◆ TASK DESCRIPTION
Lines from the one containing "The Duke of Edinburgh speaks" through the final line of the records below are needed, copied exactly, with no pictures.

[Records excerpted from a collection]
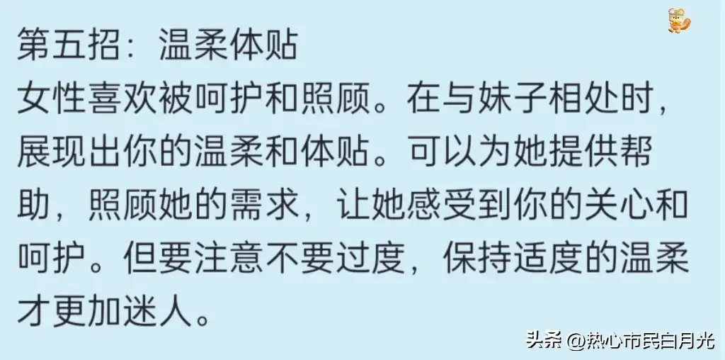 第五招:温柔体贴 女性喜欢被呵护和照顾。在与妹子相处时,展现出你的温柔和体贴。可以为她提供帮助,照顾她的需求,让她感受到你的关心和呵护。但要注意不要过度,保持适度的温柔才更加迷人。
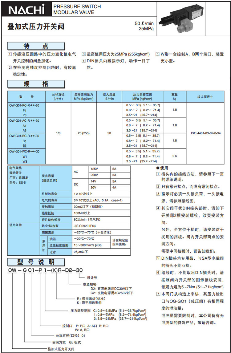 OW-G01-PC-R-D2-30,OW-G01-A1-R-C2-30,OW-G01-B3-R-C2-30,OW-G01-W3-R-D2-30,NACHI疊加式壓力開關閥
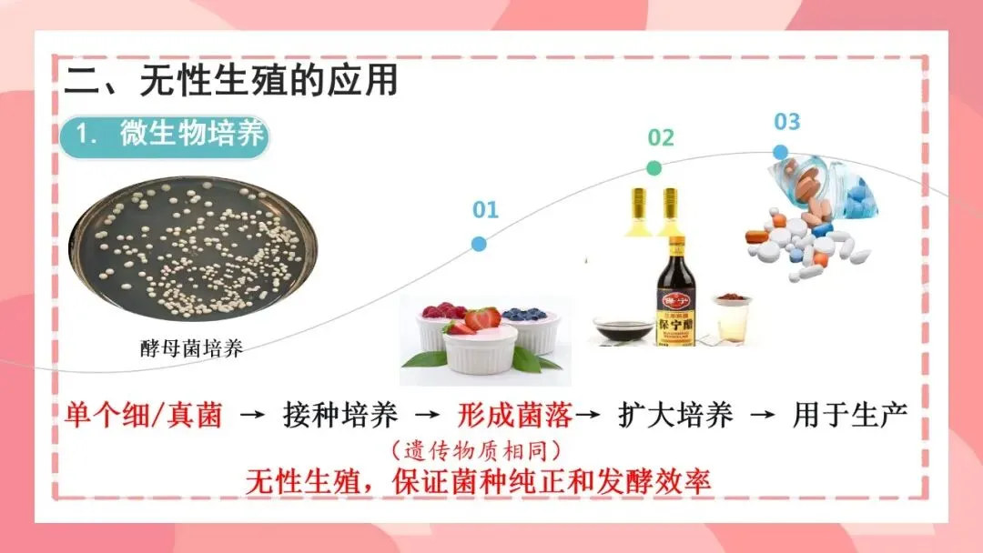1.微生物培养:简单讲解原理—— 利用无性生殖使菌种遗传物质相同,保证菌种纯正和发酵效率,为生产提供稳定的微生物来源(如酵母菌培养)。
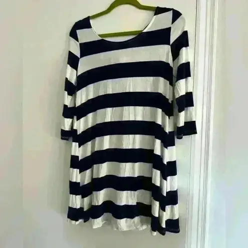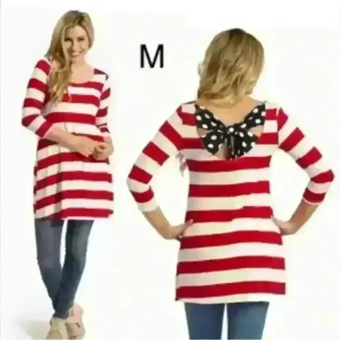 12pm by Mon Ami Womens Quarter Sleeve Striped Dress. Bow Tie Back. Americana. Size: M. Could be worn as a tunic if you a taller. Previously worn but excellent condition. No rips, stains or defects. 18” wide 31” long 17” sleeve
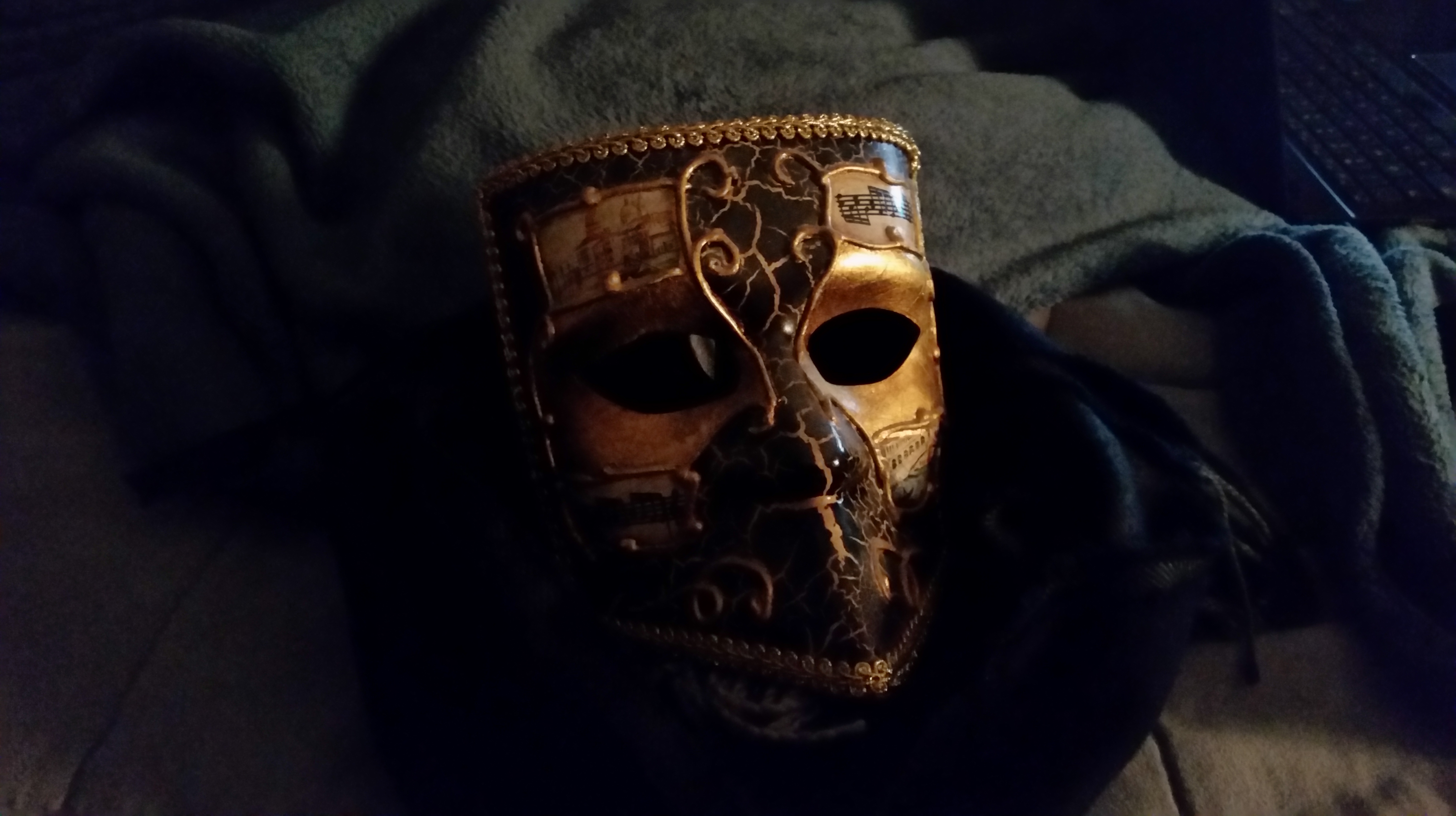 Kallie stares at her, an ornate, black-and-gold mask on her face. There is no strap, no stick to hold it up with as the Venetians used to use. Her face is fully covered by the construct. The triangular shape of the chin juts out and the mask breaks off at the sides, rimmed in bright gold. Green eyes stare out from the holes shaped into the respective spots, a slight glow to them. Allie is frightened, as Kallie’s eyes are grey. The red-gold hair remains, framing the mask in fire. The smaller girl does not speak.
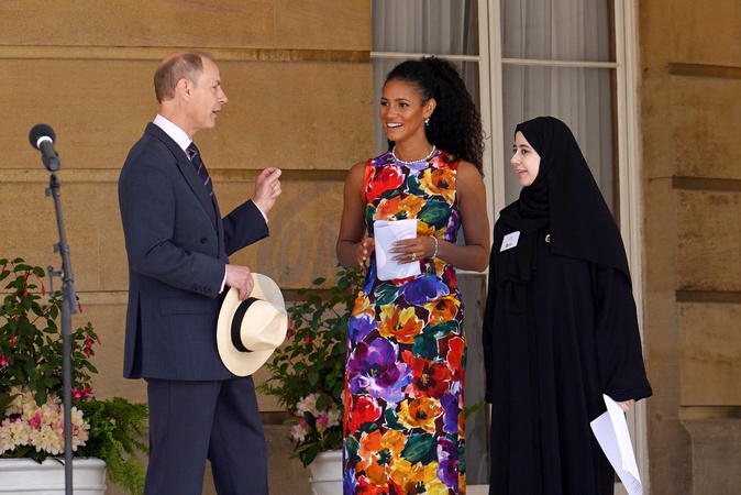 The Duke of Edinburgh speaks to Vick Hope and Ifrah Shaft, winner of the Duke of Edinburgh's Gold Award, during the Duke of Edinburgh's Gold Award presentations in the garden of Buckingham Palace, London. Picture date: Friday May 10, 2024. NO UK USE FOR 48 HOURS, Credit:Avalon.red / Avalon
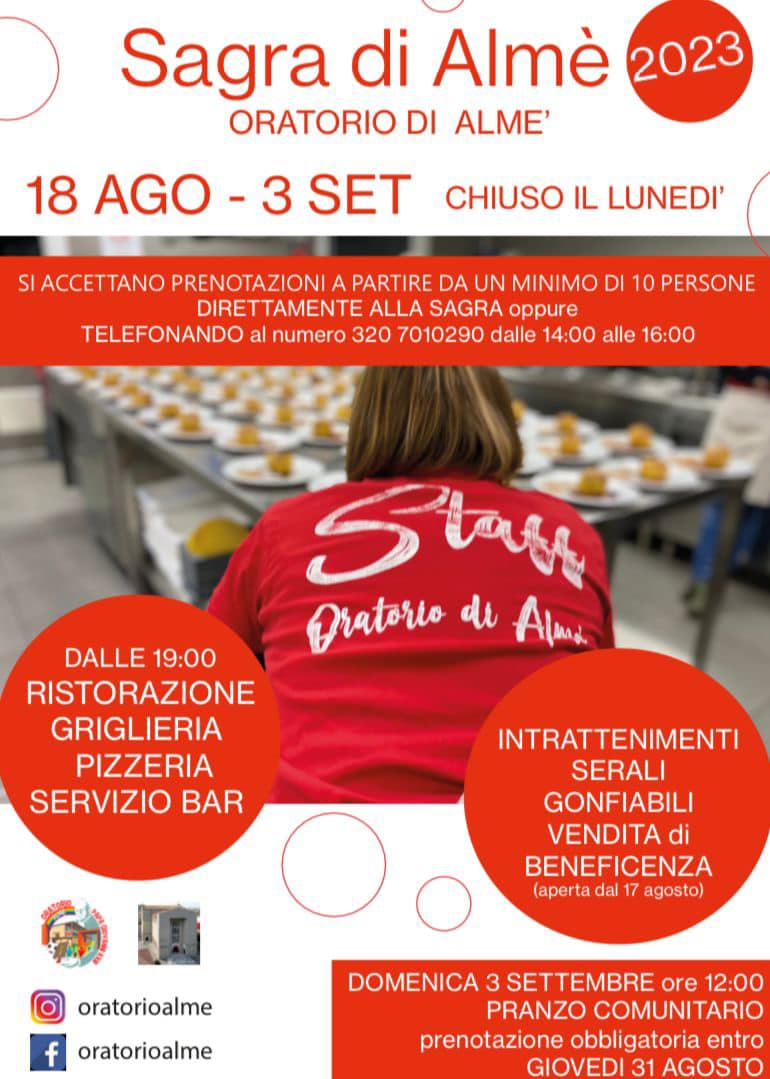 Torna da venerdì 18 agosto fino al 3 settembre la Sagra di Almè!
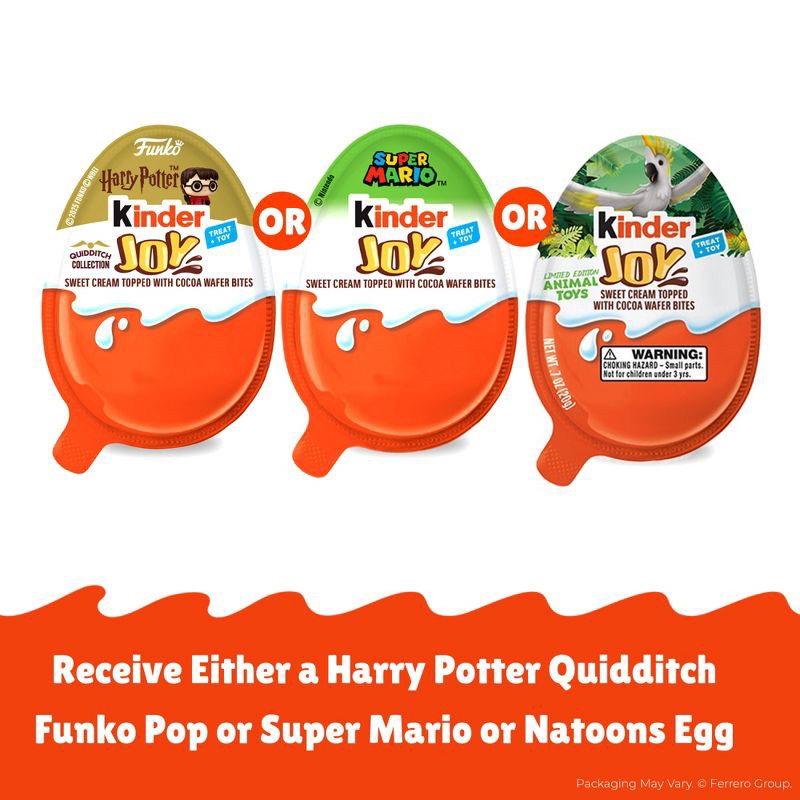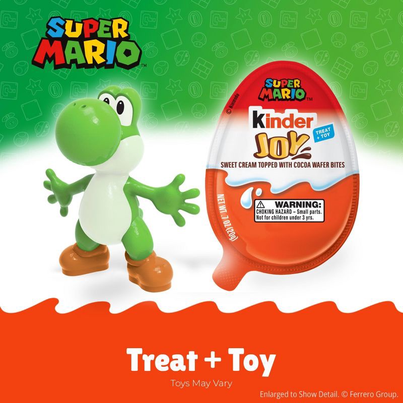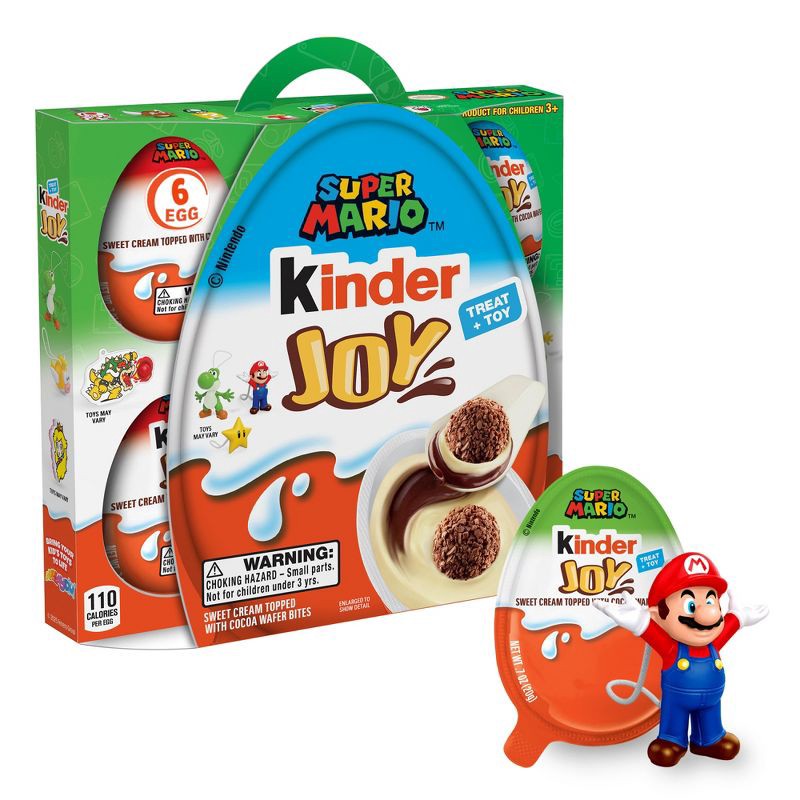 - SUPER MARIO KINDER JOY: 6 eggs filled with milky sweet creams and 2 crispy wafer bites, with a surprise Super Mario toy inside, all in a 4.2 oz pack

◆ TASK OUTPUT
 The Duke of Edinburgh speaks to Vick Hope and Ifrah Shaft, winner of the Duke of Edinburgh's Gold Award, during the Duke of Edinburgh's Gold Award presentations in the garden of Buckingham Palace, London. Picture date: Friday May 10, 2024. NO UK USE FOR 48 HOURS, Credit:Avalon.red / Avalon
 Torna da venerdì 18 agosto fino al 3 settembre la Sagra di Almè!
 - SUPER MARIO KINDER JOY: 6 eggs filled with milky sweet creams and 2 crispy wafer bites, with a surprise Super Mario toy inside, all in a 4.2 oz pack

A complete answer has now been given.